Genome position specific priors for genomic prediction
1 Centre for Quantitative Genetics and Genomics, Department of Molecular Biology and Genetics, Faculty of Science and Technology, Aarhus University, Tjele, 8830, Denmark
2 Biosciences Research Division, Department of Primary Industries Victoria, Bundoora, 3083, Australia
3 Land and Food Resources, University of Melbourne, Parkville, 3072, Australia
4 Dairy Futures Cooperative Research Centre, Bundoora, Victoria, 3083, Australia
5 La Trobe University, Bundoora, Victoria, 3086, Australia
BMC Genomics 2012, 13:543 doi:10.1186/1471-2164-13-543Published: 10 October 2012
The accuracy of genomic prediction is highly dependent on the size of the reference population. For small populations, including information from other populations could improve this accuracy.
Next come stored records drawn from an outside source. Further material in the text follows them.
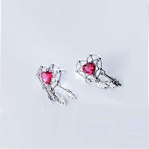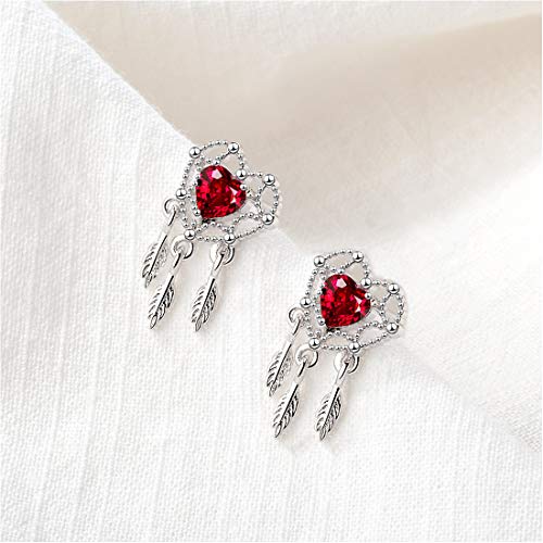 EUMI Pendientes Colgantes Pendientes Plata de Ley 925 Mujer Corazón con Circonitas Rojas de Diamantes, Fiestas, cumpleaños
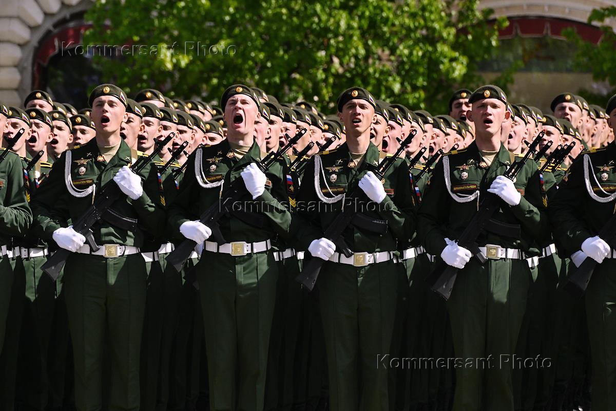 Военный парад, посвященный 80-й годовщине Победы в Великой Отечественной войне, на Красной площади. Парадный расчет Михайловской военной артиллерийской академии во время парада.
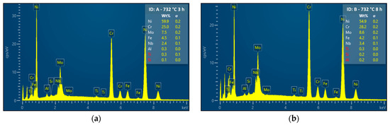 After soft annealing (1038 °C 0.5 h), the age-hardening effect was investigated with isothermal single-aging treatments at both 732 °C and 621 °C for up to 600 h starting from the results of a reduced set of conditions studied in our previous work [17]. The overall set of hardness data at both aging temperatures is reported in Figure 3 [17]. As shown in Figure 3, upon single aging at 621 °C, a steep hardness increase is obtained starting from 72 h. Until such exposure time, the hardness increment with respect to the soft-annealed condition is less than 10%. At 732 °C, the precipitation hardening effect is slightly higher compared to that at 621 °C, at least until the exposure times tested in this work. At 621 °C, a satisfying hardening effect is obtained only after very long exposure times and this behavior can limit its exploitation for most industrial applications. Such very slow age-hardening kinetics is also confirmed by the literature data of Moore et al. and Suave et al. about single aging from 550 °C to 900 °C [8,15,16]. The hardness values of our work are compatible with the literature [15]. The age-hardening phenomenon in this temperature range is determined by precipitation of the phase, as shown in the TTP curves of Figure 1. According to the TTP curves, at these aging temperatures, the formation of intergranular M23C6 carbides can occur together with the intermetallic hardening precipitates. However, compared to the phase, the hardening effect of the M23C6 carbides is negligible [10]. The simultaneous formation of Cr-rich M23C6 carbides was deeply investigated by EDXS analyses performed by scanning electron microscopy. The IDs of the tested positions are reported in Figure 4 and the results of the EDXS analyses are given in Table 3 and Figure 5. At 732 °C, as shown in Table 3 and Figure 4, intergranular M23C6 carbides were not present until 1 h and the onset of their formation was detected in the 3 h sample. This observation is compatible with the literature data based on TEM examinations, as reported in the TTP diagram of Figure 1 [2]. According to the EDXS analyses reported in Table 3, the intergranular M23C6 carbides observed in the samples aged at 732 °C were mainly enriched in chromium, and this is also confirmed by the literature [2,9,10]. The formation of such carbides is expected to be significantly detrimental to the corrosion resistance.
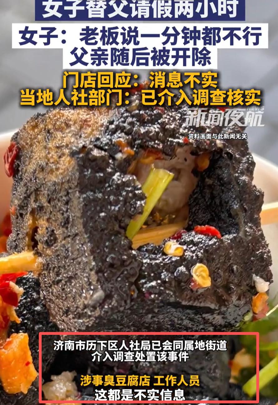 这下事情闹大了!山东济南,女子假期后准备回外地上班,临走前就想着和父亲吃顿饭,于是替父亲和打工的店铺请了两个小时的假,结果店家却说1分钟都不行,还直接把她的父亲辞退,女子直接硬刚到底,来到店前讨要说法 女儿一个简单的请求,却让父亲丢了工作。这家店的老板,心比他的店名还“绝情”。 济南宽厚里有家店,叫“绝情臭豆腐”。谁也没想到,老板做人做事,比这店名还绝。 店里有个54岁的大叔,是炸臭豆腐的师傅。他女儿在杭州工作,春节假期结束,初六就要回去上班。从年初一到初五,店里生意特别忙,大叔几乎没歇过,没好好陪家人吃过一顿饭。 女儿心疼父亲,想在走之前,陪爸爸吃顿饭。初五晚上九点多,她给老板打电话,想替父亲请两小时假,等晚上十一点后客人少了,去吃个饭就回来。女儿还说,这两个小时的工钱,她来出。 可老板想都没想,直接说:“一分钟也不行!”不仅不准假,还专门打电话威胁大叔:要是敢走,直接开除! 大叔没办法,为了保住工作,只好妥协。可更绝的是,第二天,老板还是以“旷工”为由,把大叔开除了,而且一分钱补偿都没给。 女儿知道后,气得浑身发抖。她直接找到店里,当着顾客的面,指着招牌怒斥:怪不得叫“绝情臭豆腐”,老板的心,比这名字还绝情! 这还没完,老板开除大叔后,还打电话给大叔的妻子,在电话里辱骂人家。有记者去问,店员态度恶劣,直接挂电话,也拿不出任何合理解释。 有网友看了直摇头,说这地点和店名太讽刺了。“宽厚里”的“绝情臭豆腐”,一点不宽厚,只有绝情。 也有人说,老板这么硬气,就是因为欺负打工人弱势。你抵制他一家店,还会有下一家。 说到底,这老板做事,于情于理于法,都说不过去。老人想陪孩子吃顿饭,天经地义。春节加班不给加班费,随意开除人不给补偿,这都违法了。对于这种没一点人情味、还欺负人的老板,就该用法律,给他来个“绝情”的处理。 对此,你怎么看?

The usual strategy is to pool data from different populations; however, this has not proven as successful as hoped for with distantly related breeds. BayesRS is a novel approach to share information across populations for genomic predictions. The approach allows information to be captured even where the phase of SNP alleles and casuative mutation alleles are reversed across populations, or the actual casuative mutation is different between the populations but affects the same gene. Proportions of a four-distribution mixture for SNP effects in segments of fixed size along the genome are derived from one population and set as location specific prior proportions of distributions of SNP effects for the target population. The model was tested using dairy cattle populations of different breeds: 540 Australian Jersey bulls, 2297 Australian Holstein bulls and 5214 Nordic Holstein bulls. The traits studied were protein-, fat- and milk yield. Genotypic data was Illumina 777K SNPs, real or imputed.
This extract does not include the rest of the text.